With all the research I've done on the Weathermen, I keep coming back to the same question: why did the forces of the White Umbrella not take better advantage of their momentum during the 1960s? There is no question that they were overmatched; not since the 1930s, when the new medium of radio propelled Hitler to power had a major political figure been in such a position to control a uniquely penetrating medium (Television, in the 60s was very different that today, my research has shown. There were only three networks, and you could control content quite effectively. The Administration managed to do this for nearly ten years.)

There were several key points of failure. In some of them (RFK, MLK) one can discern the work of the Dark, but what to make of the collapse of the anti-war movement? Or, especially, the curious blindness America has about the Weathermen?

We had a full-fledged revolutionary force operating within our borders, and nobody today even remembers it. We talk about Al Qaeda all the time, and they never even get a sidebar.

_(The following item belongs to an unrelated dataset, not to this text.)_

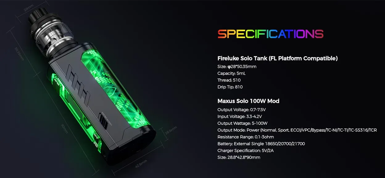 Freemax Maxus Solo 100W Kit consists of Fireluke Solo Tank and Maxus Solo 100W Mod, powered by an external 18650/20700/21700 battery and charged with a 5V/2A USB Type-C cable. It has a cool mood lighting design that will attract lots of attention no matter whether it’s day or night. Besides, this mod also features FMOS 3.0, FM CHIP 3.0, a 1.06-inch OLED screen, multiple output modes, and a slide switch, powerful enough to enhance your vaping experience.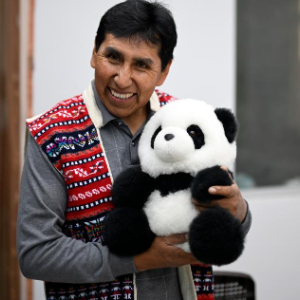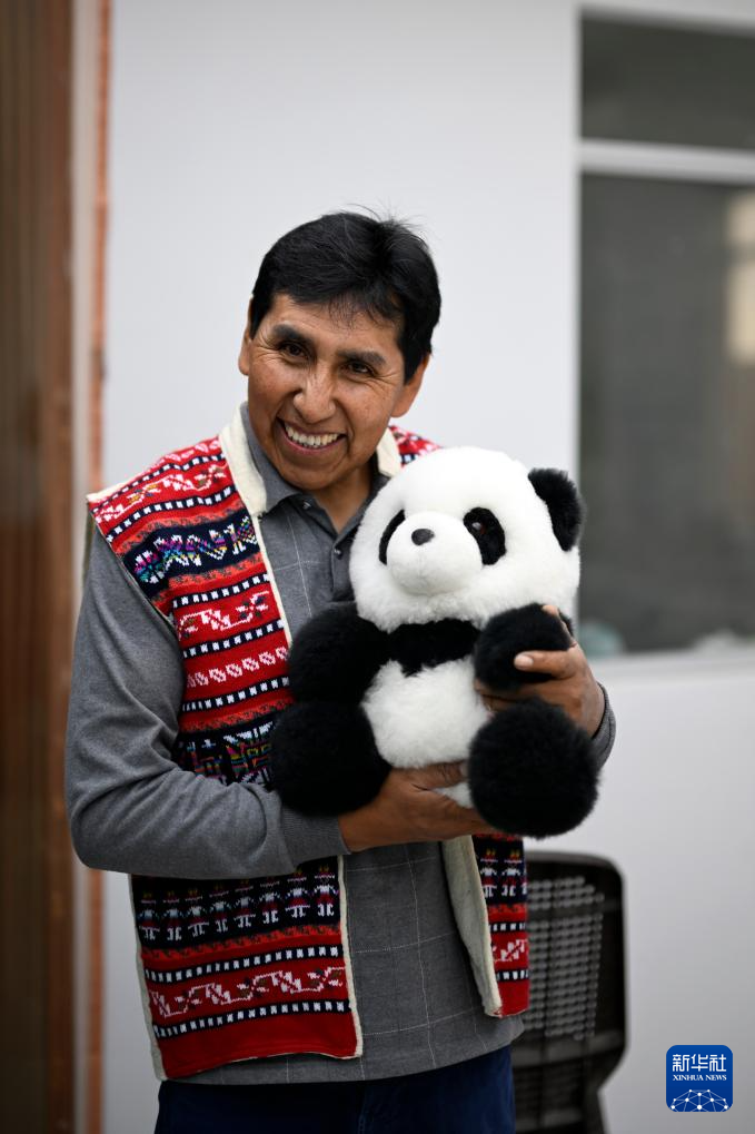6月20日,在秘鲁阿雷基帕,手工艺人奥斯瓦尔多·马马尼展示羊驼毛制作的熊猫玩偶。

Of course, deliberate elision is always the work of the Dark Umbrella.
 
I've been pondering the "why" of the JFK hit, and the only explanation that makes sense, indeed, the only one that fits the facts, is that it was a moment where the umbrella was transferred.

In Dallas, Richard Nixon received the umbrella.

He was in town that day, for corporate lawyering work with a client. Go ahead. Check it out on Google. And while he was nowhere near Dealy Plaza, there is that gap in Oswald's timeline between the time he slips out of the Texas School Book Depository and has the run-in with Tippett.

Oswald was passing along the Umbrella.